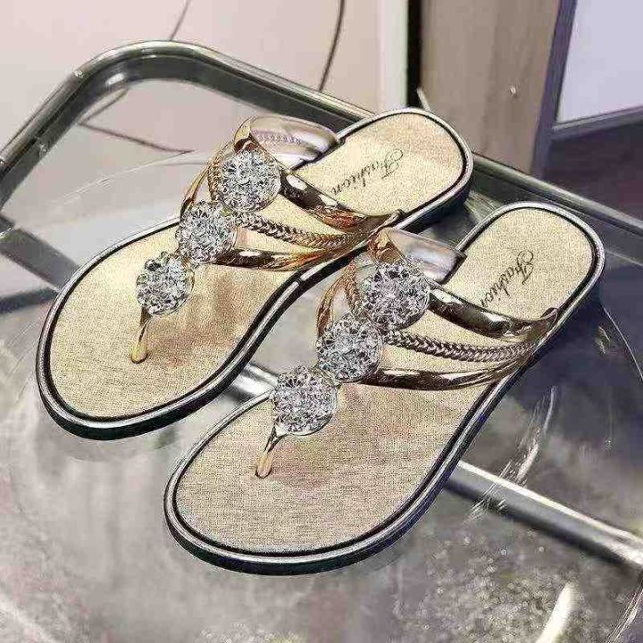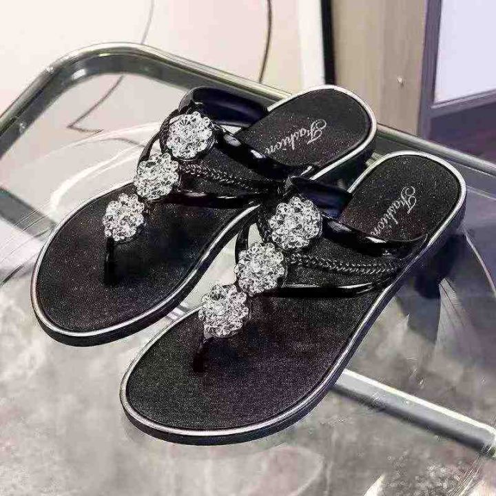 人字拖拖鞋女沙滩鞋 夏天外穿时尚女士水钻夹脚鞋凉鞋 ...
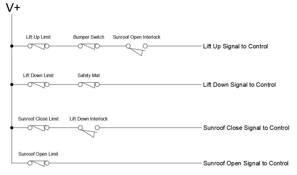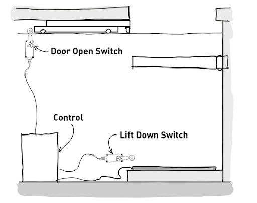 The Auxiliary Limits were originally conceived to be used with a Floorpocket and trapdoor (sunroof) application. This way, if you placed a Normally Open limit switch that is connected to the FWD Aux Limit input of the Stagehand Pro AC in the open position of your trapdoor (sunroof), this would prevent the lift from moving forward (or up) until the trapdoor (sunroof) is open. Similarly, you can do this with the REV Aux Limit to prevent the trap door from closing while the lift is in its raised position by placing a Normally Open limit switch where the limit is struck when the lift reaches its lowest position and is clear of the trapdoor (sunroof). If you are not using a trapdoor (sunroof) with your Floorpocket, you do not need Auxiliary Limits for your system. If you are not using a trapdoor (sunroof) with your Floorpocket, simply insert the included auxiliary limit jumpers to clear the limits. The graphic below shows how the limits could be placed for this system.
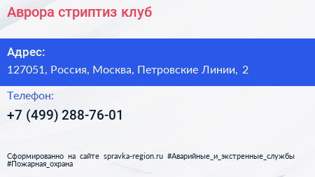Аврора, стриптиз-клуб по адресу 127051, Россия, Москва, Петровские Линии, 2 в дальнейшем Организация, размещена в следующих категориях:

---

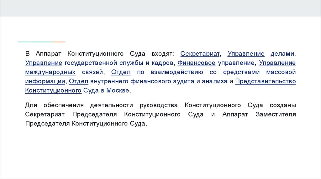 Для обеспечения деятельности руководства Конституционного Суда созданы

### Exercise
Everything from the line with "人字拖拖鞋女沙滩鞋 夏天外穿时尚女士水钻夹脚鞋凉鞋 ..." through the line with "Аврора, стриптиз-клуб по" in the material above should be transcribed exactly, except the pictures.

### Completed task
 人字拖拖鞋女沙滩鞋 夏天外穿时尚女士水钻夹脚鞋凉鞋 ...
 The Auxiliary Limits were originally conceived to be used with a Floorpocket and trapdoor (sunroof) application. This way, if you placed a Normally Open limit switch that is connected to the FWD Aux Limit input of the Stagehand Pro AC in the open position of your trapdoor (sunroof), this would prevent the lift from moving forward (or up) until the trapdoor (sunroof) is open. Similarly, you can do this with the REV Aux Limit to prevent the trap door from closing while the lift is in its raised position by placing a Normally Open limit switch where the limit is struck when the lift reaches its lowest position and is clear of the trapdoor (sunroof). If you are not using a trapdoor (sunroof) with your Floorpocket, you do not need Auxiliary Limits for your system. If you are not using a trapdoor (sunroof) with your Floorpocket, simply insert the included auxiliary limit jumpers to clear the limits. The graphic below shows how the limits could be placed for this system.
Аврора, стриптиз-клуб по адресу 127051, Россия, Москва, Петровские Линии, 2 в дальнейшем Организация, размещена в следующих категориях:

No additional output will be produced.